### Stored data entries
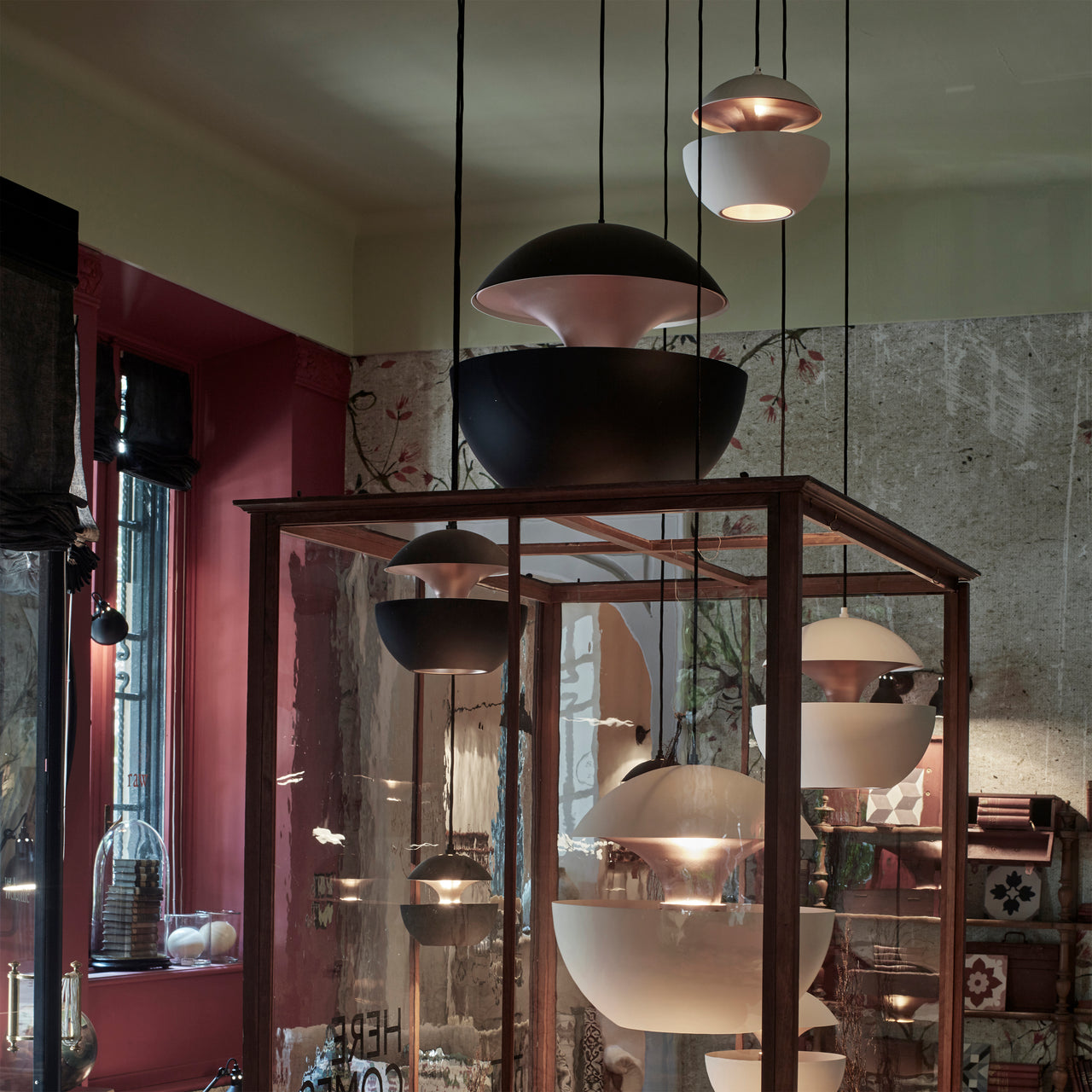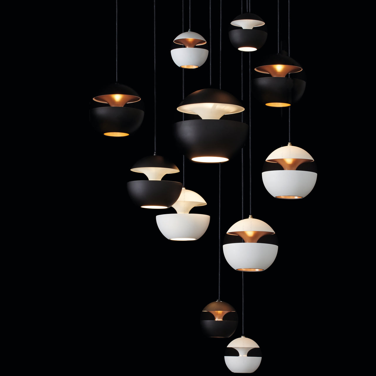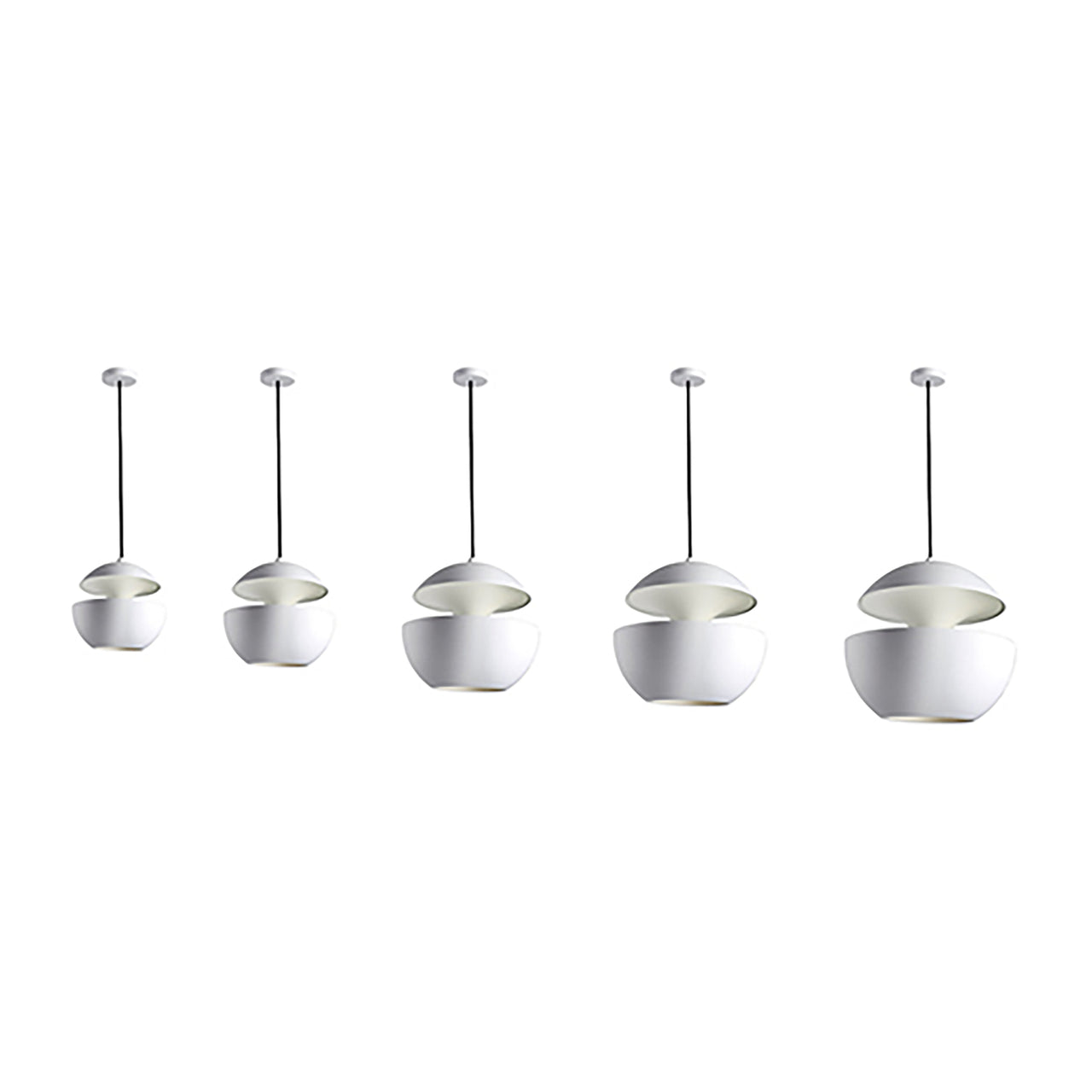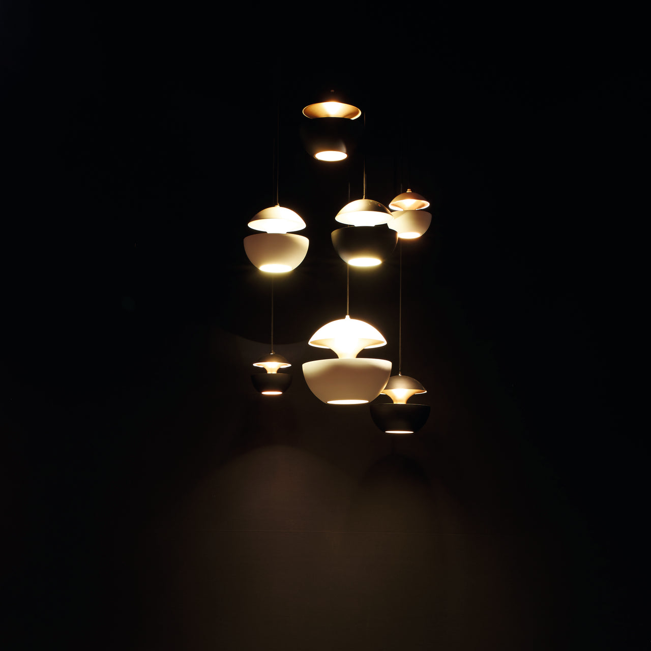 Memories of watching the sunset over the Garonne river in southwest France inspired architect Bertrand Balas’ original 1970 pendant. A chance meeting with DCW’s Philippe Cazer and Frédéric Winkler led to a timeless re-edit of Here Comes the Sun. With its magical reflected light, the hanging fixture comes in 5 sizes—from mini to oversized—to suspend alone or in a dazzling cluster.
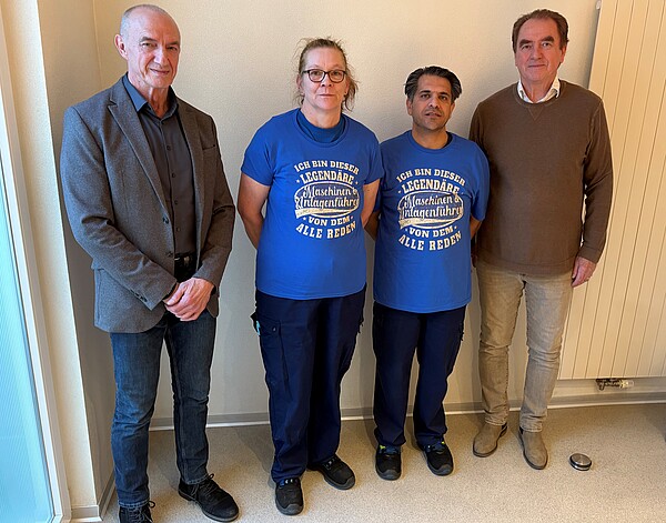 Was sie sich nun wünschen? „Ich möchte auf jedem Fall im Unternehmen bleiben,“, sagt Manuela Schenk. Das Drahtwerk habe schließlich viel für sie getan. Theo Wingen und Christof Bergmann freuen sich, dass sie die weitergebildeten Mitarbeiter nun vielleicht auch für neue Aufgaben einsetzen können. Ali Ahmadi unterstreicht das: „Ich habe in der Ausbildung viele neue Maschinen kennengelernt.“ So viel Engagement kommt gut an: „Hier haben wir zwei Mitarbeiter, die sich wirklich eingebracht haben“, lobt Theo Wingen. „Das gehört zu den heute ganz wichtigen ‚weichen Faktoren‘.“
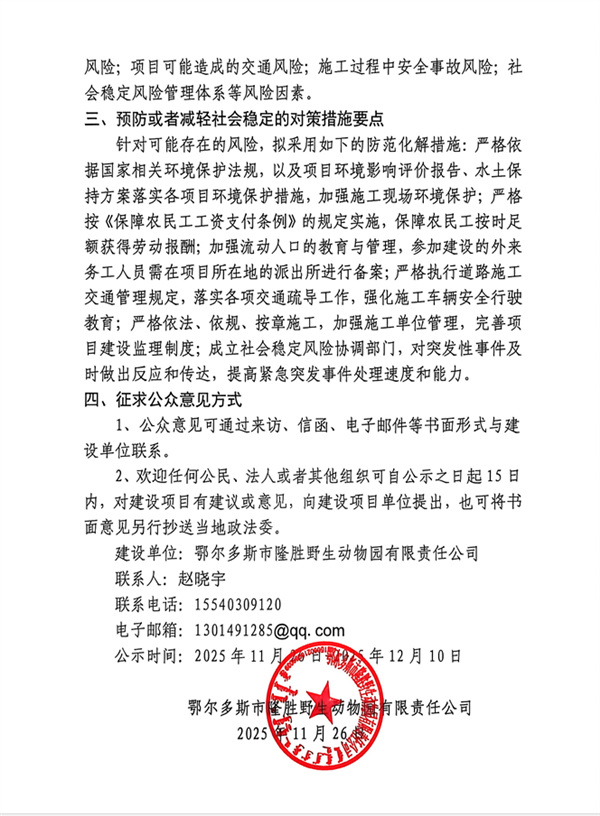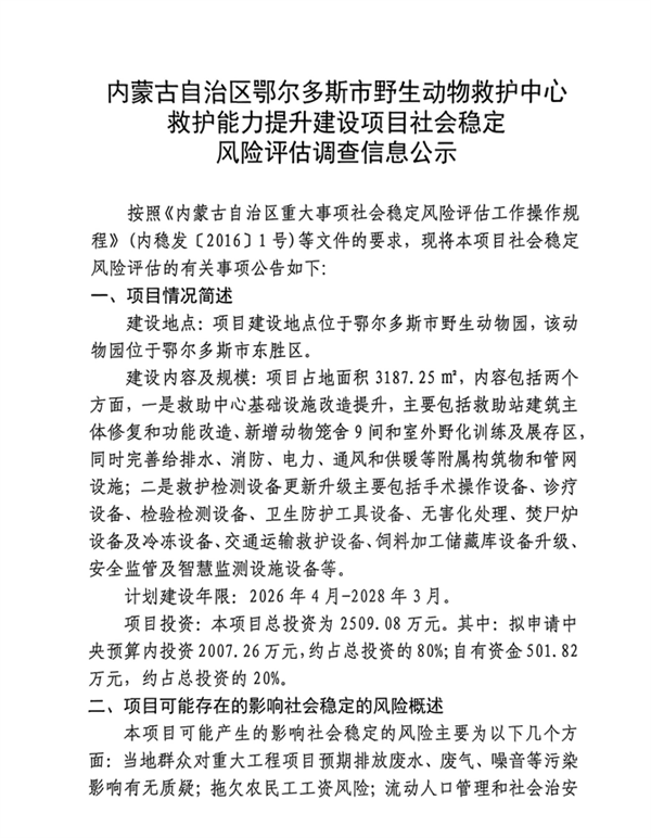 內(nèi)蒙古自治區(qū)鄂爾多斯市野生動物救護中心救護能力提升建設項目社會穩(wěn)定風險評估調(diào)查信息公示
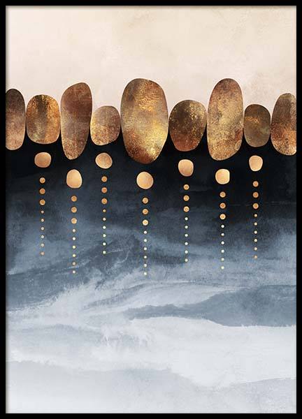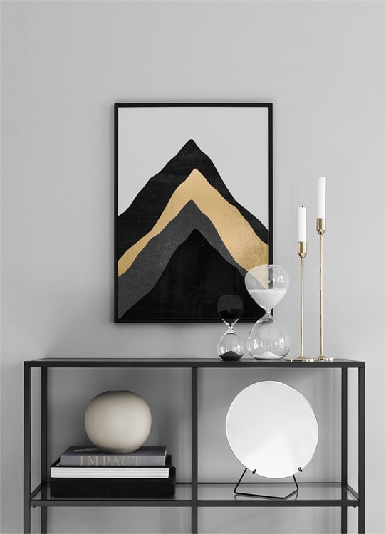 Affiche élégante représentant un motif créé par la designer Elisabeth Fredriksson. Belle affiche au motif artistique graphique en noir, or et gris. Le motif moderne, qui rappelle une montagne, s’accorde parfaitement à la plupart des pièces. Une affiche de ce style peut être combinée à d’autres affiches pour créer un mur de tableaux unique. Nous proposons un large assortiment de tableaux modernes. Lesquels choisissez-vous pour décorer votre intérieur ?
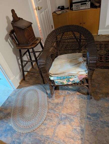 LOT 416 - Salt Box, Vintage Wicker Rocker & Bar Stool
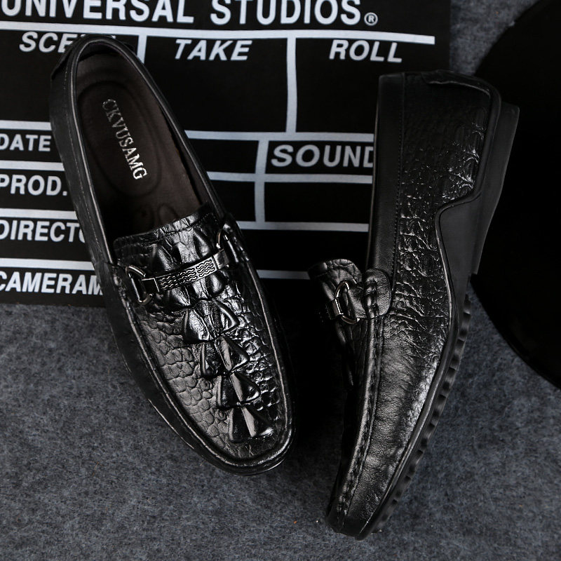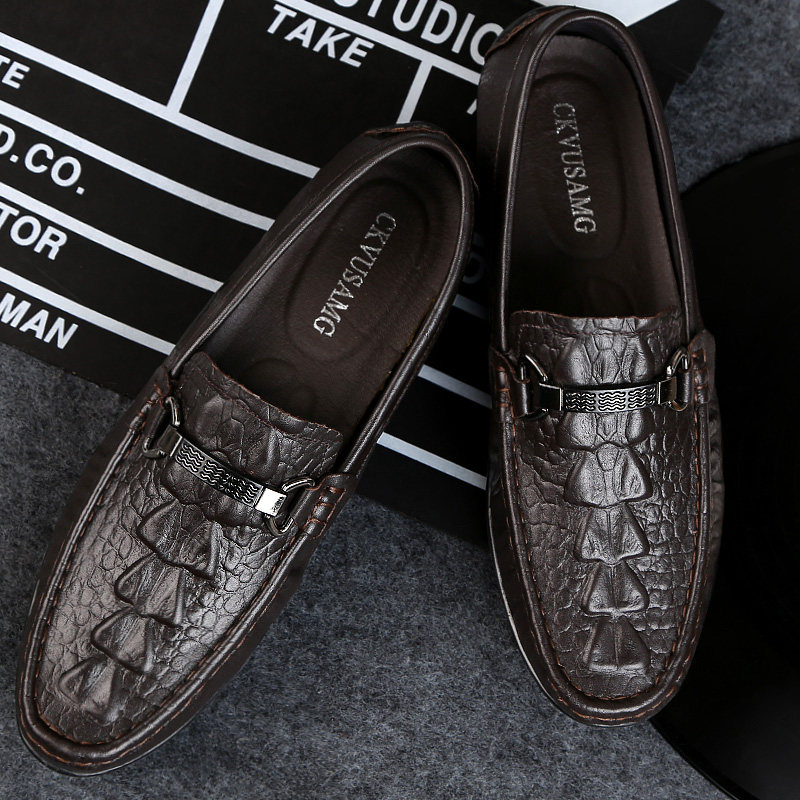 Beanie shoes men's 2022 new spring soft-soled crocodile pattern men's leather leather shoes one foot casual lazy shoes
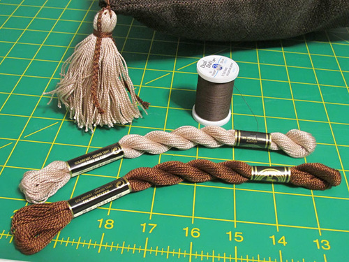 - FOUR skeins of pearl cotton floss for the main tassels in a color to match the decorative stitching and embroidery; we used a light ivory to blend with the pale taupe thread
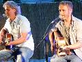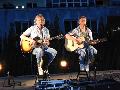 Als „Graceland“ die Bühne betraten, hatten sie schon vor dem ersten Ton einen großen Beifall empfangen. Endlich ging es los, was dann folgte, war eine Aneinanderreihung von Welthit an Welthit. Hier nur eine kleine Auswahl der Hits, die teilweise zu regelrechten Ohrwürmern wurden: „Homeward Bound“, „The Boxer“, „I am a rock“, „Bridge over troubled water“, „Slip sliding away“, „Bright eyes“,“ Scarborough fair“, „El Condor Pasa“, „Cecilia“ und so weiter. Als alle Besucher auf den absoluten Superhit des Duos wartete, nämlich „The Sound of Silence“, öffnete plötzlich der Himmel seine Schleusen und es begann heftig zu regnen. Ein eilig herbeigeschafftes Partyzelt half nur kurzfristig, da die Technik sich im Freien befand. Leider musste das Duo das Konzert abbrechen, aber niemand war darüber böse, denn die Besucher hatten ein magisches Konzert erleben dürfen. Den Musikern wurde im strömenden Regen mit jubelndem Beifall gedankt, als diese schnell ihre Instrumente in Sicherheit brachten.
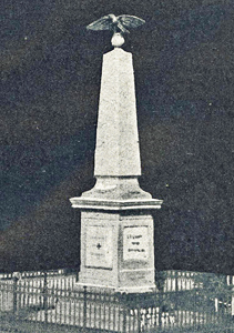 Denkmal für die Gefallenen des Krieges 1870/71: Obelisk mit Inschriften und krönendem Adler.
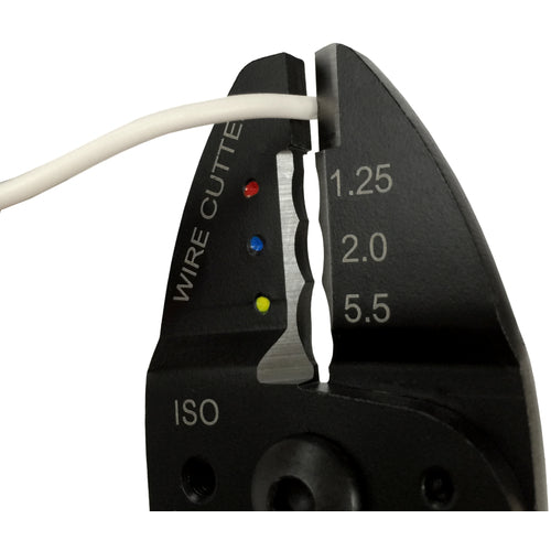Crimping of insulation terminals/bare crimp terminals, stripping of insulated wires, and cutting of cables can be done only with this tool.Cutting of machine screw or bolts is also possible.Outstanding sharpness with the polished-finishing blade part.The unique double-molded is adopted for a grip, and it reduces burden at work.For wiring of machines, automobiles, or electronic tools, crimping works of various crimp terminals, or cutting of small bolts.For Insulating Terminal:1.25, 2, 5.5Crimp Terminal ([[MM2]]) For bare terminal:1.25, 2, 5.5Total Length (mm):240
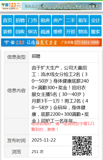 由于扩大生产,公司大量招工:流水线女分捡工2名(30一50岁)身体健康底薪2400+满勤300+奖金!招旧衣服女主播5名(30一40岁)月薪3千一1万!男工2名(40一58岁)会码垛,身体健康,底薪2200+300满勤+奖金)司炉工一名年年龄不限,身体健康,早5点一8点烧锅炉!工资1000元公司晋升空间大,车间主任,厂长一职等你来,只要你有能力,利丰公司永远给你施展的空间!选择利丰,让你富贵一生!!试用期3天。额满为止!早7:30一16:30中午管饭!厂址:新兴区宝泰隆路26号。公交路线:坐(走葫芦头沟的)1路公交车到(家居广场)站点前走100米恒阳科技公司红大门院内。☎️13946506087个人13946506087 【电话咨询时,请一定说明在七台河信息网看到的,谢谢!】 |
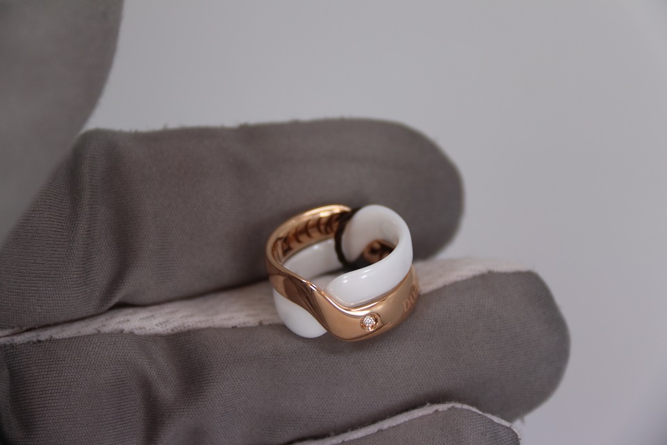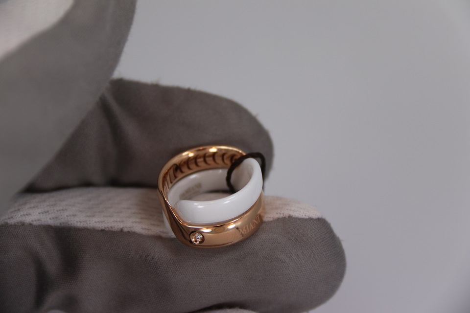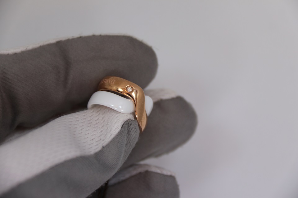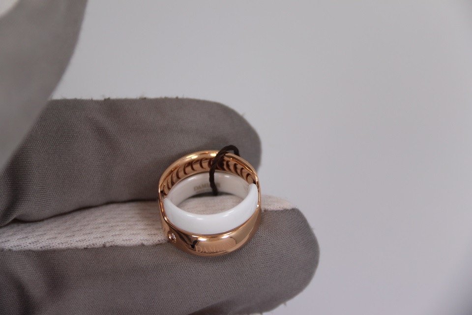< ЗОЛОТОЕ КОЛЬЦО > Damiani Abbraccio 18k Rose Gold, Ceramic & Diamond * БЕЛАЯ КЕРАМИКА * РОЗОВОЕ ЗОЛОТО 18K / 750 * БРИЛЛИАНТ * РИТЕЙЛ В США $2.290 * ПРОДАЖА 80.000 *

### EXERCISE PROMPT
Your task is to write out, exactly and without pictures, only the lines from the one holding "Denkmal für die" to the last line of the data.

### RESPONSE
 Denkmal für die Gefallenen des Krieges 1870/71: Obelisk mit Inschriften und krönendem Adler.
Crimping of insulation terminals/bare crimp terminals, stripping of insulated wires, and cutting of cables can be done only with this tool.Cutting of machine screw or bolts is also possible.Outstanding sharpness with the polished-finishing blade part.The unique double-molded is adopted for a grip, and it reduces burden at work.For wiring of machines, automobiles, or electronic tools, crimping works of various crimp terminals, or cutting of small bolts.For Insulating Terminal:1.25, 2, 5.5Crimp Terminal ([[MM2]]) For bare terminal:1.25, 2, 5.5Total Length (mm):240
 由于扩大生产,公司大量招工:流水线女分捡工2名(30一50岁)身体健康底薪2400+满勤300+奖金!招旧衣服女主播5名(30一40岁)月薪3千一1万!男工2名(40一58岁)会码垛,身体健康,底薪2200+300满勤+奖金)司炉工一名年年龄不限,身体健康,早5点一8点烧锅炉!工资1000元公司晋升空间大,车间主任,厂长一职等你来,只要你有能力,利丰公司永远给你施展的空间!选择利丰,让你富贵一生!!试用期3天。额满为止!早7:30一16:30中午管饭!厂址:新兴区宝泰隆路26号。公交路线:坐(走葫芦头沟的)1路公交车到(家居广场)站点前走100米恒阳科技公司红大门院内。☎️13946506087个人13946506087 【电话咨询时,请一定说明在七台河信息网看到的,谢谢!】 |
< ЗОЛОТОЕ КОЛЬЦО > Damiani Abbraccio 18k Rose Gold, Ceramic & Diamond * БЕЛАЯ КЕРАМИКА * РОЗОВОЕ ЗОЛОТО 18K / 750 * БРИЛЛИАНТ * РИТЕЙЛ В США $2.290 * ПРОДАЖА 80.000 *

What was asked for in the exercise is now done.